This is the required equation of the line in vector form.

$$\text{Let}\space \vec{r} = x\hat{i} + y\hat{j}+z\hat{k}\\\therefore\space x\hat{i}+y\hat{j}+z\hat{k}=\\(\lambda+2)\hat{i} + (2\lambda-1)\hat{j} + (-\lambda+4)\hat{k}$$

Eliminating λ, we obtain equation of the Cartesian form equation is

$$\frac{x-2}{1} =\frac{y+1}{2} =\frac{z-4}{-1}$$

This is the required equation of the given line in Cartesian form.

6. Find the Cartesian equation of the line which passes through the point (– 2, 4, – 5) and parallel to the line given by

$$\frac{\textbf{x + 3}}{\textbf{3}} =\frac{\textbf{y - 4}}{\textbf{5}} =\frac{\textbf{z + 8}}{\textbf{6}}\textbf{.}$$

Sol. It is given that the line passing through the point (– 2, 4, – 5) and is parallel to

$$\frac{x+3}{3}=\frac{y-4}{5}=\frac{z+8}{6}$$

The direction ratios of the line

$$\frac{x+3}{3}=\frac{y-4}{5}=\frac{z+8}{6}\\\text{are (3, 5, 6)}$$

The required line is parallel to

$$\frac{x+3}{3} =\frac{y-4}{5} =\frac{z+8}{6}.$$

It is known that the equation of the line passing through the point (x1, y1, z1) and with direction ratios a, b, c is given by

$$\frac{x-x_1}{a} =\frac{y-y_1}{b} =\frac{z-z_1}{c}.$$

Also, the line passes through (– 2, 4, – 5) and having direction ratios (3, 5, 6) therefore, the equation of the line (in Cartesian form) is

$$\frac{x-(-2)}{3} = \frac{y-4}{5}\\=\frac{z-(-5)}{6}.$$

$$\Rarr\space \frac{x+2}{3}=\space \frac{y-4}{5}=\space \frac{z+5}{6}$$

which is the equation of required line.

7. The Cartesian equation of a line is

$$\frac{\textbf{x-5}}{\textbf{3}} =\frac{\textbf{y+4}}{\textbf{7}} =\frac{\textbf{z-6}}{\textbf{2}},\\\textbf{write its vector form.}$$

Sol. The given Cartesian equation of a line is

$$\frac{x-5}{3}=\frac{y+4}{7}=\frac{z-6}{1}$$

The above line passes through the point (5, – 4, 6). The position vector of this point is

$$\vec{a} = 5\hat{i} -4\hat{j} + 6\hat{k}.$$

Also, the direction ratios of the given line are 3, 7 and 2. This means that the line is in the direction of vector,

It is known that the line through position vector

$$\vec{b} = 3\hat{i} + 7\hat{j}+6\hat{k}.$$

$$\vec{a}\space\text{and in the direction of the vector}\space\vec{\text{b}}\\\text{is given by the equation,}\\\vec{r} =\vec{a} + \lambda\vec{b},\space\lambda\epsilon R\\\therefore\space \vec{r} = 5\hat{i}-4\hat{j}+6\hat{k} + \lambda(3\hat{i} + 7\hat{j}+2\hat{k})$$

This is the required equation of the given line in vector form.

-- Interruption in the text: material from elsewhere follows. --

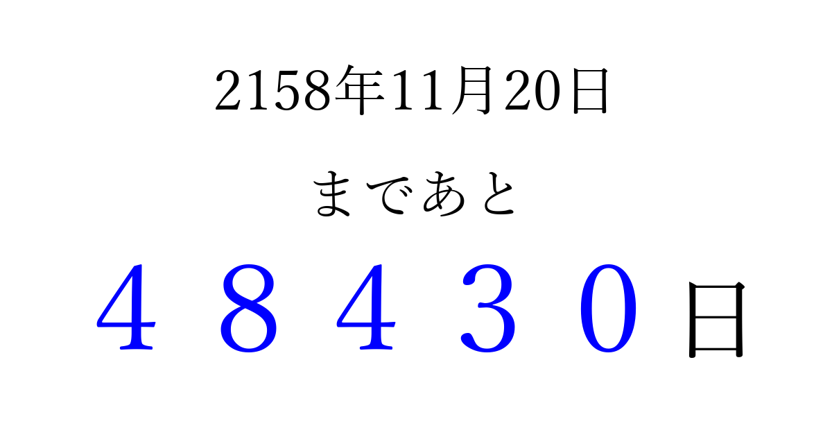 2158年11月20日(月)まで あと 99999 日です 追加すると、トップページからすぐ選べるようになります ※2026/04/16現在の結果です。 最新の状態に更新する ↓シェアして、タイムライン上にカウントダウンを表示しよう!↓ 📤 この結果を共有する Tweet シェア Threads Bluesky 別の日付でカウントダウン 2158年11月のカレンダー このページをブックマークに追加すると、いつでもカウントダウンを確認できます。 (PC: Ctrl+D / Mac: ⌘+D) hitome-notes.comでは以下のページも運営しています。 指定日と期間から日付を計算 | ガチャ確率計算・シミュレーション | プライバシー・ポリシー 運営者:Avocado

8. Find the vector and the Cartesian equations of the line that passes through the origin and (5, – 2, 3).

$$\textbf{Sol.}\space\text{Let}\space\vec{a}\space\text{and}\space\vec{b}\space\text{be the position vectors}\\\text{of points (0, 0, 0) and (5, – 2, 3) respectively.}\\\therefore\space \vec{a}= 0\hat{i} +0\hat{j}+0\hat{k} \text{and}\space \vec{b} = 5\hat{i} - 2\hat{j}+3\hat{k}$$

We know that the vector equation of a line passing through the points having position vector

$$\vec{a}\space\text{and}\space\vec{b}\space\text{is}\space\vec{r} = \vec{a} + \lambda(\vec{b}-\vec{a})\\\therefore\space \vec{r} =0\lambda(5\hat{i} - 2\hat{j}+3\hat{k}-0)\\\Rarr\space \vec{r} =\lambda(5\hat{i}-2\hat{j}+3\hat{k})\space\text{...(i)}$$

(which is vector equation)

$$\text{Putting\space}\vec{r} = x\hat{i}+y\hat{j}+z\hat{k}\\\text{in equation (i), we have}\\x\hat{i}+y\hat{j}+z\hat{k} =\lambda(5\hat{i}-2\hat{j}+3\hat{k})\\\Rarr\space x\hat{i}+y\hat{j}+z\hat{k}\\=5\lambda\hat{i}-2\lambda\hat{j}+3\lambda\hat{k}$$

$$\text{Comparing coefficient of}\space\hat{i},\hat{j}\space\text{and}\space\hat{k}\\\text{on both sides, we have}\\x =5\lambda, y=-2\lambda\text{and} z=3\lambda\\\therefore\space\frac{x}{5}=\frac{y}{-2} =\frac{z}{3}=1$$

which is Cartesian form of required line.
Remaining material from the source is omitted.